Parodon is a genus of freshwater ray-finned fishes belonging to the family Parodontidae, the scrapetooths. The fishes in this genus are from the tropical and subtropical Neotropics, their distribution extending as far south as the Río de la Plata.

==Taxonomy==
Parodon was first proposed as a genus in 1850 by the French zoologist Achille Valenciennes in volume 22 of his and Georges Cuvier's Histoire naturelle des poissons. Valenciennes proposed it as a monospecific genus with Parodon suborbitalis as its only species, this species being the type species by monotypy. P. suborbitale was first formally described, as Parodon suborbitale, by Valenciennes in the same volume as he proposed the genus and its type locality was given as Lake Maracaibo in Venezuela.

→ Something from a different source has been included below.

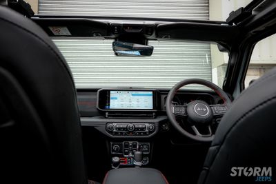 Modern in every way, the interior of the 2024 JL Wrangler raises the bar to new heights. Black Mckinley leather-trimmed bucket seats with accent stitching and Rubicon logo perfectly complement the black exterior, Leather trim heated steering wheel, customisable 7-inch Driver Information Digital Cluster Display and a new advanced Uconnect® 5 System with its upsized 12.3-inch touchscreen.

Parodon is the type genus of the family Parodontidae, the scrapetooths, which is classified within the suborder Characoidei of the order Characiformes.

==Etymology==
Parodon is a combination of par, which means "even", and odon, which is a Latinised derivative of the Greek oudos, meaning "teeth". This is a reference to the cusps of the teeth of the type species all being even.

==Species==
Parodon contains the following valid species:
- Parodon alfonsoi Londoño-Burbano, Román-Valencia & Taphorn, 2011
- Parodon apolinari G. S. Myers, 1930
- Parodon atratoensis Londoño-Burbano, Román-Valencia & Taphorn, 2011
- Parodon bifasciatus C. H. Eigenmann, 1912
- Parodon buckleyi Boulenger, 1887
- Parodon caliensis Boulenger, 1895
- Parodon carrikeri Fowler, 1940
- Parodon guyanensis Géry, 1959
- Parodon hilarii J. T. Reinhardt, 1867
- Parodon magdalenensis Londoño-Burbano, Román-Valencia & Taphorn, 2011
- Parodon moreirai Ingenito & Buckup, 2005
- Parodon nasus Kner, 1859
- Parodon orinocensis (Bonilla, Machado-Allison, Silvera, Chernoff, López & Lasso, 1999)
- Parodon pongoensis (W. R. Allen, 1942) (Pongo characin)
- Parodon suborbitalis Valenciennes, 1850

==Characteristics==
Parodon scrapetooths are distinguished from other scrapetooths by the possession of small lateral teeth on the sides of their lower jaws; these are absent in the two other genera of scrapetooth, Apareiodon and Saccodon. Within the genus the spoecies were thought to be distinguishable by the shape of the teeth but the teeth of these fishes are small and weak, so are easily broken or missed. This has led to the misidentification of specimens and taxonomic uncertainty and instability. For Parodon the count of cusps on the teeth is now considered to be the most reliable feature to identify species as are the colour and pattern of the body and the types of teeth. These fishes vary in maximum length from 9.8 cm in P. bifasciatus to 34 cm in P. hilarii.

==Distribution==
Parodon scrapetooths are found in the Neotropics in most of the drainage systems from Panama south to Argentina but they are not found in Bahia State, Brazil or Patagonia.